Give back every line of the material below exactly, but no images.

### Data excerpt
* * *

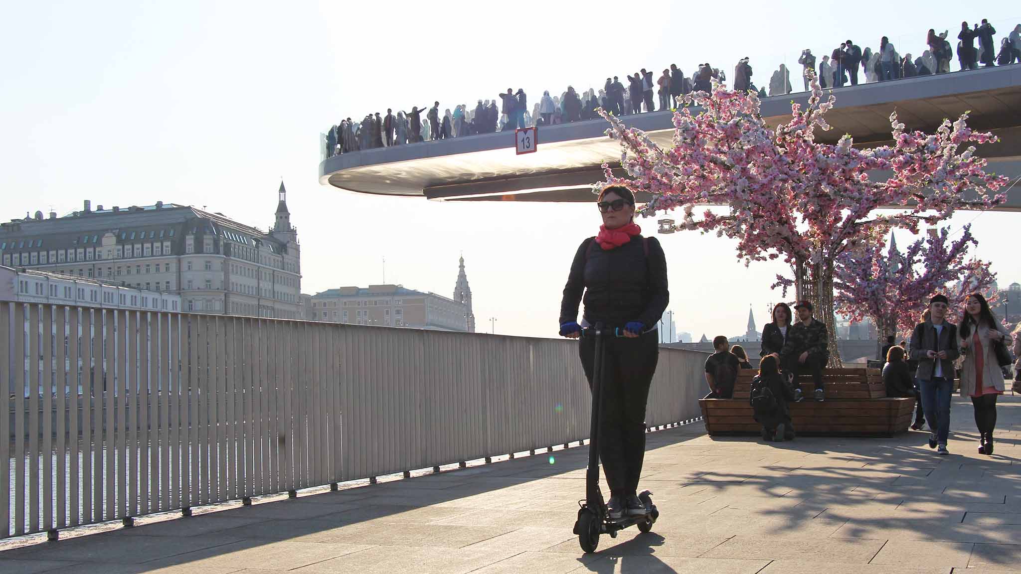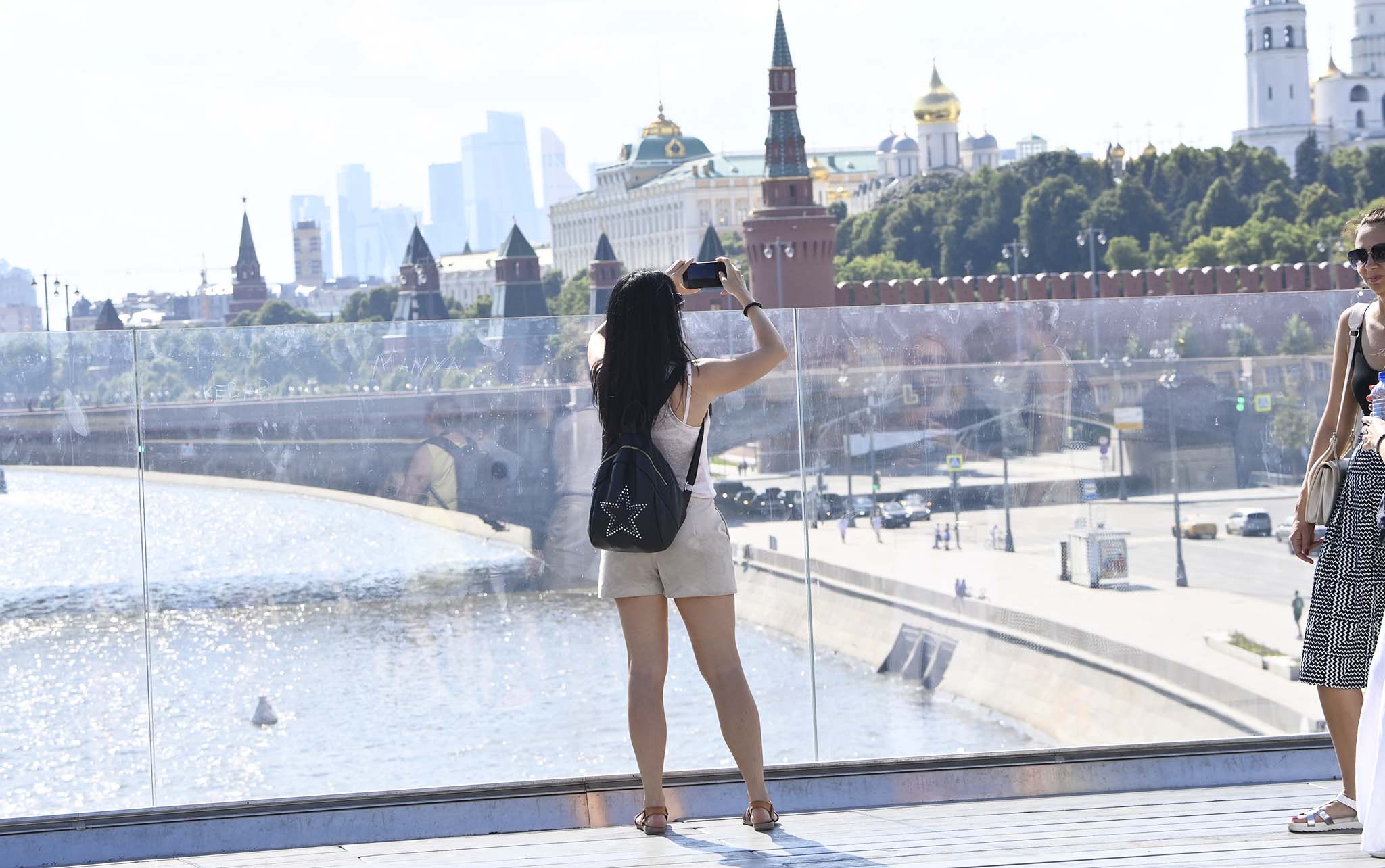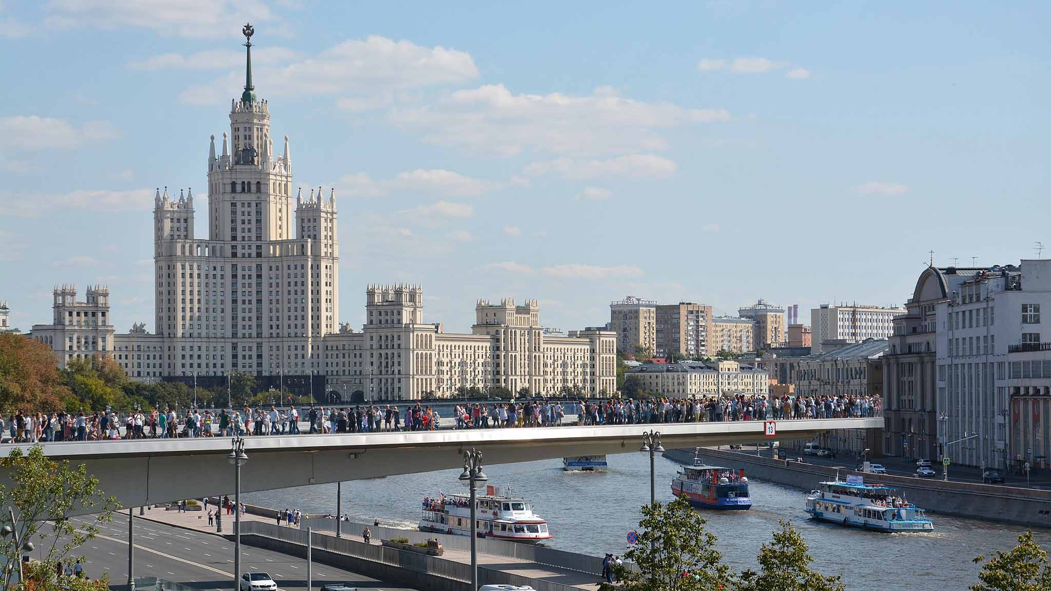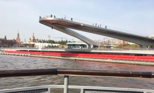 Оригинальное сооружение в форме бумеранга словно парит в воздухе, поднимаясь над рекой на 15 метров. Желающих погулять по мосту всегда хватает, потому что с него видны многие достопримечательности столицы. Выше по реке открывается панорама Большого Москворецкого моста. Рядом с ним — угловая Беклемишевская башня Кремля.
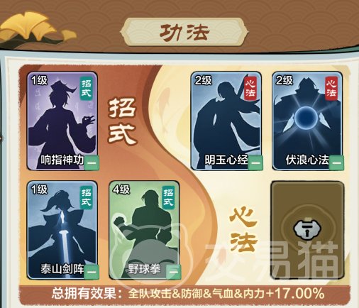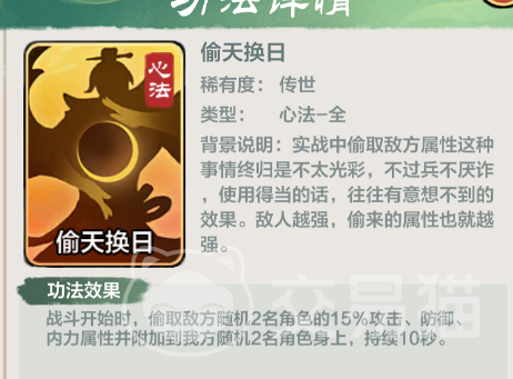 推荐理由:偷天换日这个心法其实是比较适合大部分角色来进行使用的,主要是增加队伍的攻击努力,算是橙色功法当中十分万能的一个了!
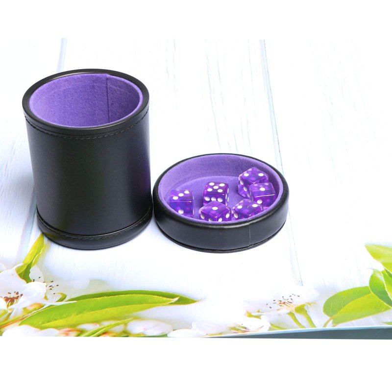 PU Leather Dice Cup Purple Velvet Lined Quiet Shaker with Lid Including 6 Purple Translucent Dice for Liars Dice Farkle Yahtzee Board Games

* * *

### Answer to this problem
 Оригинальное сооружение в форме бумеранга словно парит в воздухе, поднимаясь над рекой на 15 метров. Желающих погулять по мосту всегда хватает, потому что с него видны многие достопримечательности столицы. Выше по реке открывается панорама Большого Москворецкого моста. Рядом с ним — угловая Беклемишевская башня Кремля.
 推荐理由:偷天换日这个心法其实是比较适合大部分角色来进行使用的,主要是增加队伍的攻击努力,算是橙色功法当中十分万能的一个了!
 PU Leather Dice Cup Purple Velvet Lined Quiet Shaker with Lid Including 6 Purple Translucent Dice for Liars Dice Farkle Yahtzee Board Games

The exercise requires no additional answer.